We are working with the group of Lucy Colwell and Maxwell Bileschi at Google Research who developed ProtNLM (Protein Natural Language Model) a natural language processing model that predicts name descriptions directly from a protein’s amino acid sequence. ProtNLM is currently annotating millions of entries which were previously only named 'Uncharacterized protein'.¹

Today we are talking with Andreea Gane. She is a research scientist at Google Research and a driving force behind the ProtNLM project.

Language is a complex system of communication and because it is adopted universally, it is readily open to scrutiny by the research community. Taking on the challenge of annotating millions of “uncharacterized proteins”, which we know very little about, might seem to many a rather daunting task. Could you tell us something about your background and how did you get interested in such a challenge?

I got excited about proteins when I joined Google in 2018. Around that time, the application of NLP techniques to challenging problems in biological sequence design started to gain popularity and I thought it would be an exciting area of research. I had the opportunity to work on building an algorithm for using variational autoencoders to generate new biological sequences and despite not having a background in biology, I thought I would be a good fit with my expertise in generative models. I enjoyed the project and I have worked in this research area since then.^{2, 3}

In regards to the ProtNLM project in particular, with the limited amount of labelled data for protein design tasks, I became interested in also modelling and leveraging the vast amount of naturally occurring proteins. The UniProt database is the go-to resource for proteins and metadata about them. What drew me to the ProtNLM project was the already large amount of high-quality protein names available and the huge potential impact of labelling uncharacterized proteins. Machine learning methods are great at leveraging patterns from vast amounts of data, so having a dataset like this made me excited about taking on the challenge.

Was there something in the development of machine learning methods that made you think this was a good moment to take on this challenge?

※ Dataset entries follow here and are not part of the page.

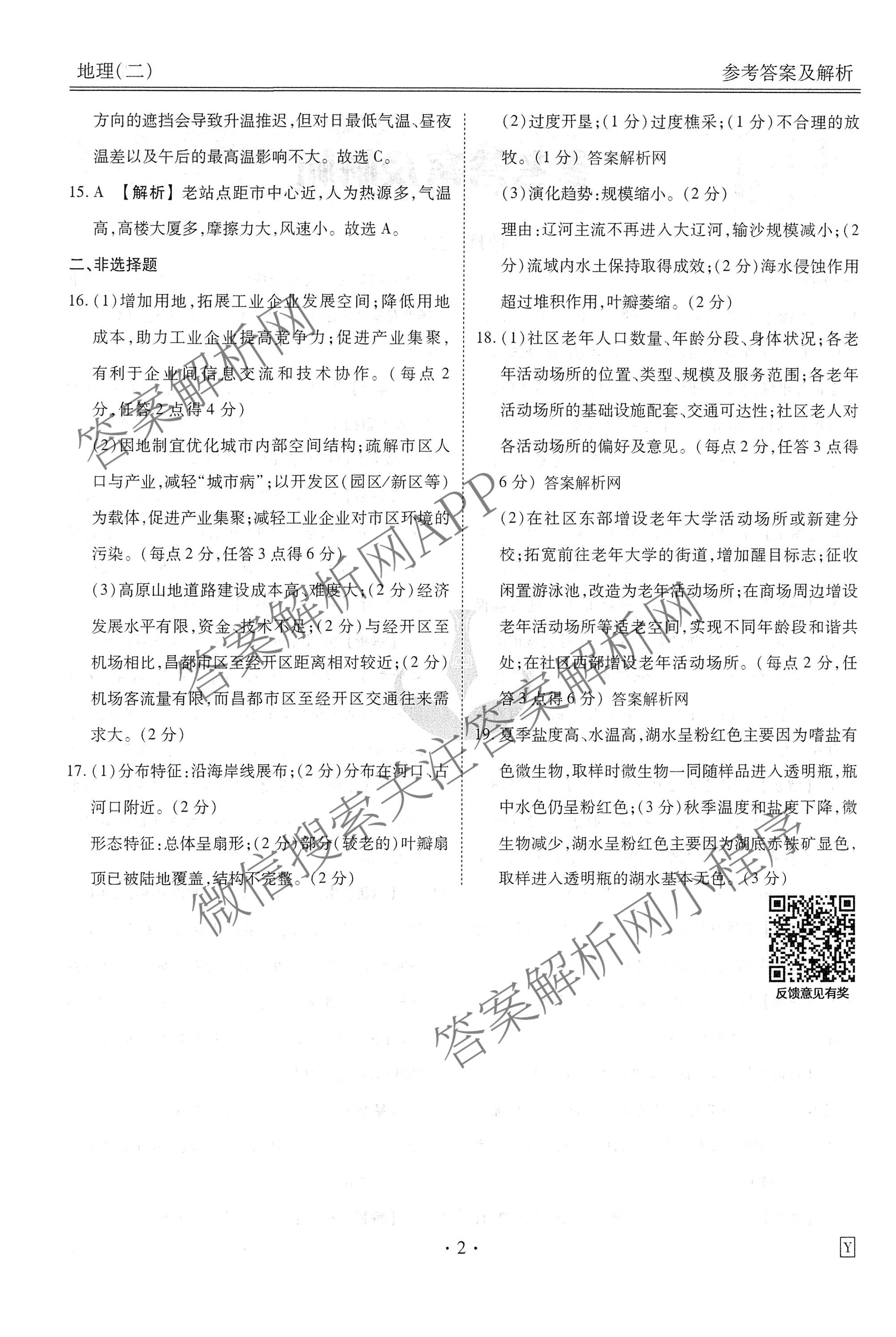 - (衡水金卷先享题)调研卷2026年普通高中学业水平选择性考试模拟试题(二)2地理(S)答案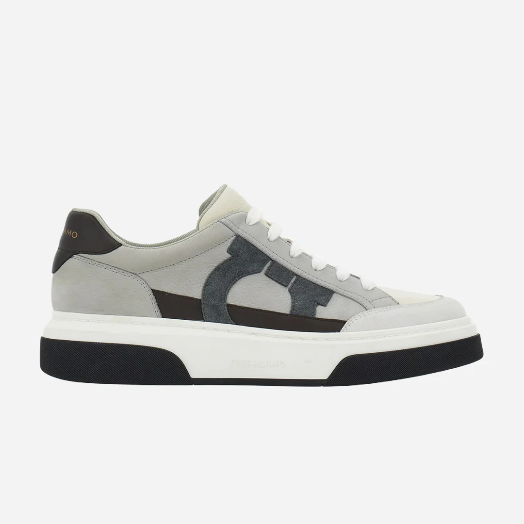 Sneakers bajas de piel con detalles de ante. Las líneas se inspiran en las zapatillas de baloncesto de los años 90, adornadas con una intarsia lateral con silueta Gancini. Suela de goma con bordes moleteados y piso personalizado.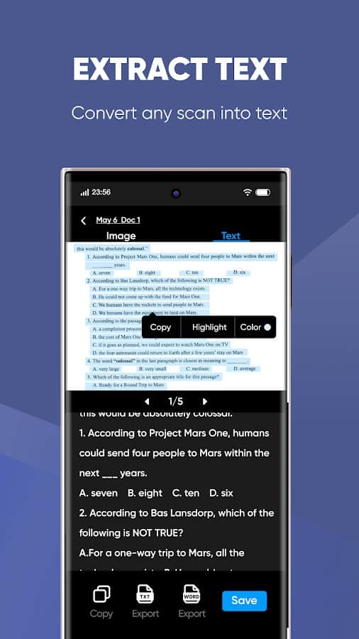 < p > Camera Scanner - PDF Scanner - відскануйте документи і збережіть їх, використовуючи функцію OCR для розпізнавання тексту. Додаток дозволяє робити пошук за ключовими словами і редагувати сам текст. При автоматичній обрізку і поліпшення якості знімків, ви зможете легко все відсканувати. Також, при бажанні додайте водяні знаки на вже відскановані документи для їх захисту від чужого використання. Цей інструмент є потужним помічником, яким ви можете користуватися в будь-який час і місце, швидко виконуючи сканування.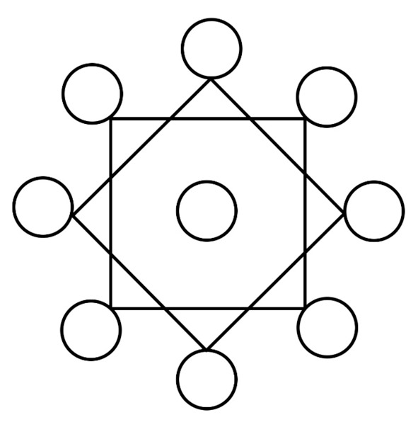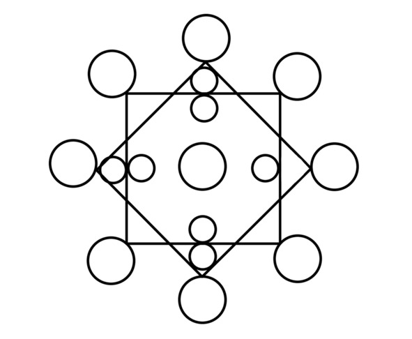Сначала мы рисуем обычный квадрат (родовой), а потом уже ромбообразный квадрат (личный). И в итоге получается у нас октограмма.

We were inspired by the huge success of transformer models in natural language processing and successful application of some of these techniques to modelling tasks in a protein space. And we were particularly inspired by the modelling paradigm in natural language processing of formulating problems as text-to-text tasks that can be solved jointly by training a single sequence to sequence model.^4,5,6So we first set out to train models to take in a domain amino acid sequence as input, and return various properties, all encoded as text. We trained models on Pfam to produce the one-line description corresponding to the Pfam family, in addition to the family accession label and the unique alphanumeric ID. Motivated by the model's ability to produce descriptions in this task, we set out to predict protein names for the full amino acid sequences.

Let’s talk about the model, how would you describe ProtNLM?

The ProtNLM model is a sequence-to-sequence model similar to a machine translation model in that it takes as input a sequence in one language and returns a sequence in another language. The simplest version of ProtNLM takes the amino acid sequence as the first language sentence and produces the protein name as an output.

Machine learning approaches require lots of data. What sort of data did you use for the ProtNLM training?

We train our models on the sequence-name pairs from the UniProtKB database. We use both UniProtKB/SwissProt and UniProtKB/TrEMBL. And, to reduce the low-quality names, we performed a name processing step, where we removed or normalised names that we thought were unsuitable for use as a training set target.

As from UniProt release 2022_05, ProtNLM has been updated and now also uses a Deep Ensemble, which combines the predictions of many models which have been trained independently. Could you tell us a bit more about this change? Is the model using the same type of data to create these predictions?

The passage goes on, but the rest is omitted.